*How to complete this task*. Please return the listing below word for word, minus its pictures.

*Extracted data*.
# # #

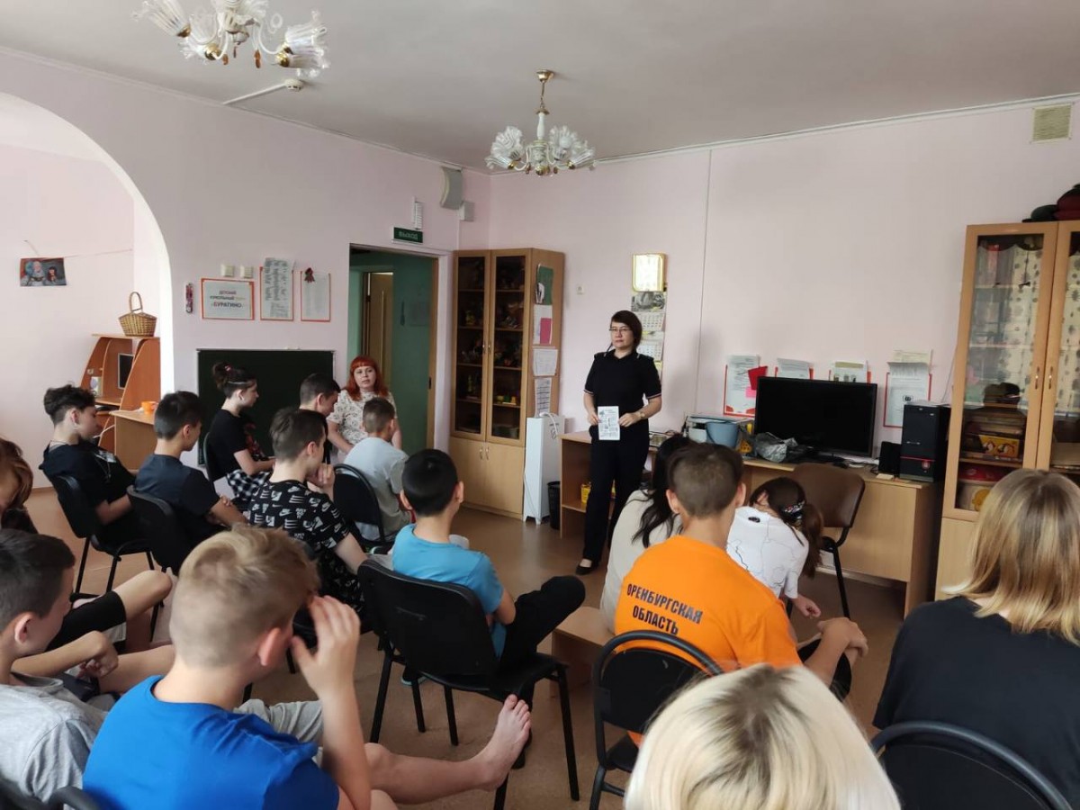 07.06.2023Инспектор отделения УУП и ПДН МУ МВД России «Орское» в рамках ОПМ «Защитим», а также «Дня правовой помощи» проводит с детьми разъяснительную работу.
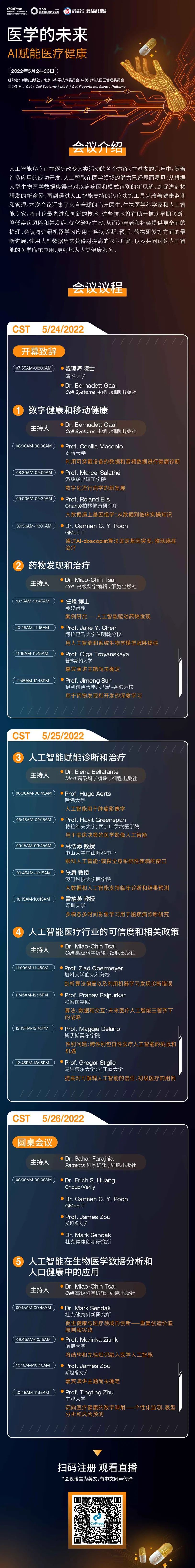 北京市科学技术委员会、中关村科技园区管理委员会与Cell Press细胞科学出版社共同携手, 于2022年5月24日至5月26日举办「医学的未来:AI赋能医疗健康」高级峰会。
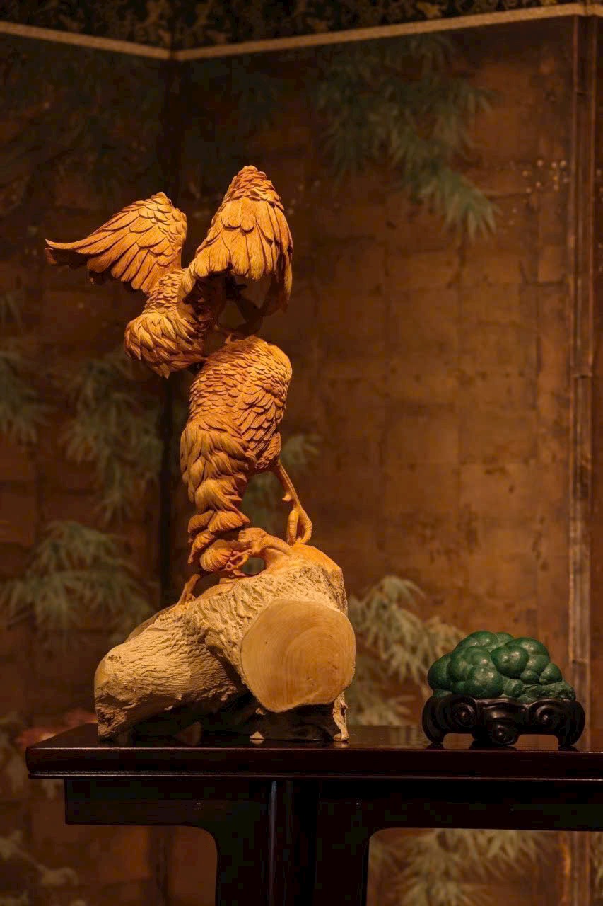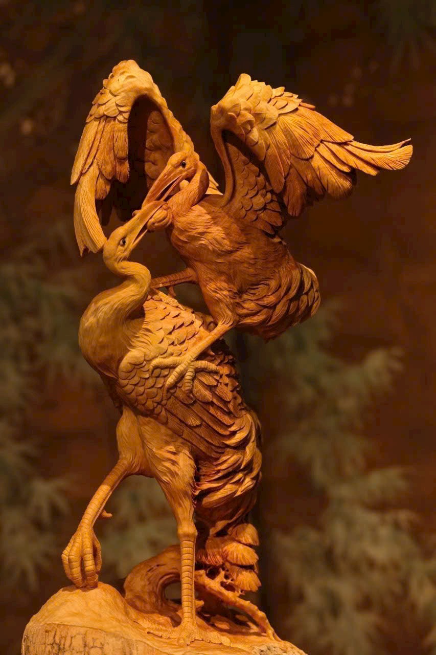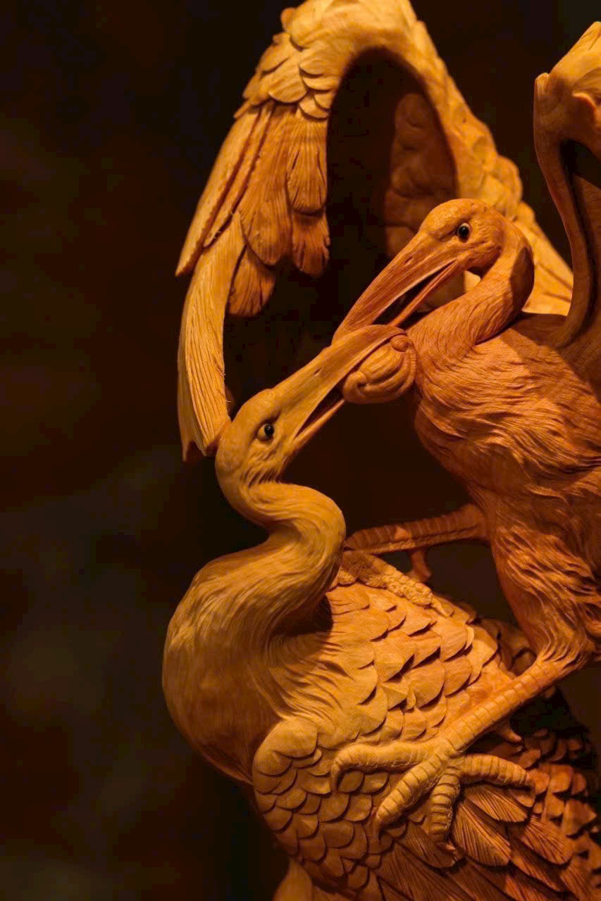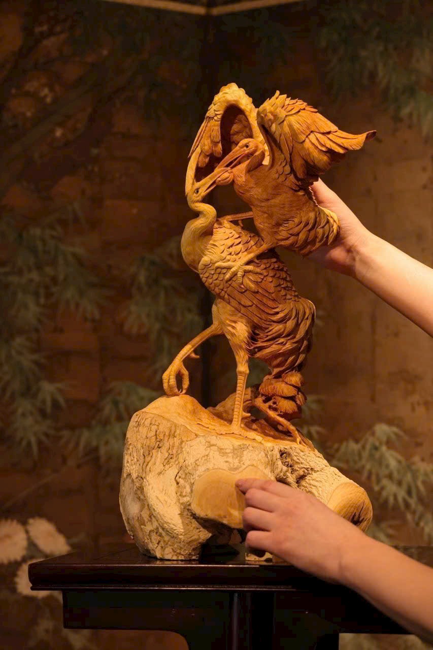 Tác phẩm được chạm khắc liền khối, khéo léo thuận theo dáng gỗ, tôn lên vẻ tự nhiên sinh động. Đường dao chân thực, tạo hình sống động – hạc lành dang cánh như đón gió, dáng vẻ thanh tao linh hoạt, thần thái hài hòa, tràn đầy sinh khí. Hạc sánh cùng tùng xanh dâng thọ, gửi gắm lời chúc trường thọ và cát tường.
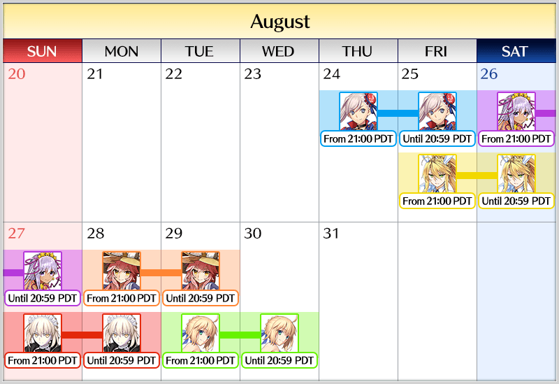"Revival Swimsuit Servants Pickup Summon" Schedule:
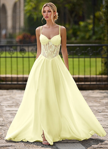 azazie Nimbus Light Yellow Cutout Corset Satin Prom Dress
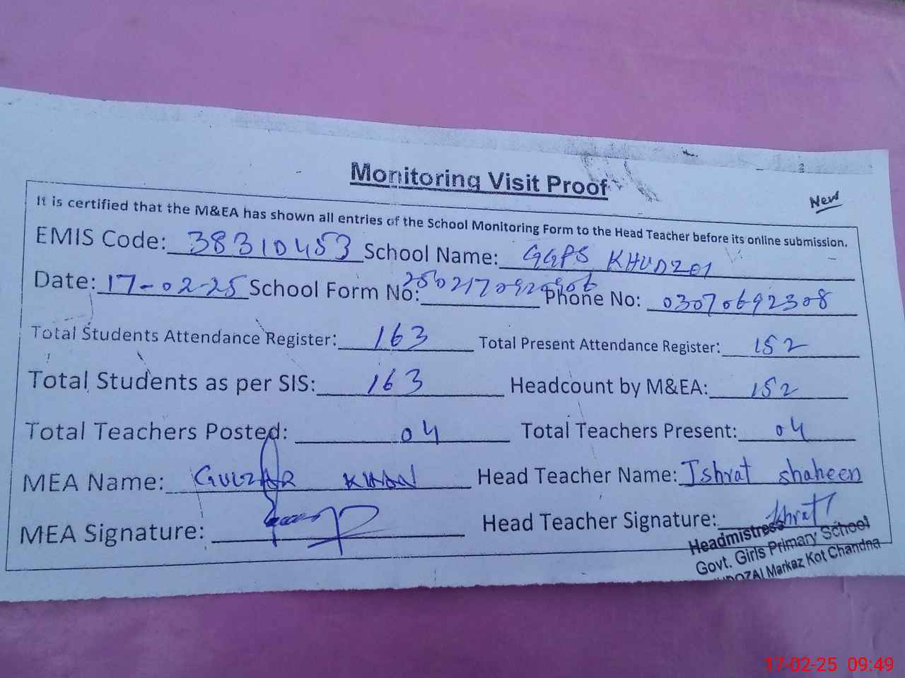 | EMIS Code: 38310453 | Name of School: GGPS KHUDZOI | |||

# # #

*Answer space*.
 07.06.2023Инспектор отделения УУП и ПДН МУ МВД России «Орское» в рамках ОПМ «Защитим», а также «Дня правовой помощи» проводит с детьми разъяснительную работу.
 北京市科学技术委员会、中关村科技园区管理委员会与Cell Press细胞科学出版社共同携手, 于2022年5月24日至5月26日举办「医学的未来:AI赋能医疗健康」高级峰会。
 Tác phẩm được chạm khắc liền khối, khéo léo thuận theo dáng gỗ, tôn lên vẻ tự nhiên sinh động. Đường dao chân thực, tạo hình sống động – hạc lành dang cánh như đón gió, dáng vẻ thanh tao linh hoạt, thần thái hài hòa, tràn đầy sinh khí. Hạc sánh cùng tùng xanh dâng thọ, gửi gắm lời chúc trường thọ và cát tường.
"Revival Swimsuit Servants Pickup Summon" Schedule:
 azazie Nimbus Light Yellow Cutout Corset Satin Prom Dress
 | EMIS Code: 38310453 | Name of School: GGPS KHUDZOI | |||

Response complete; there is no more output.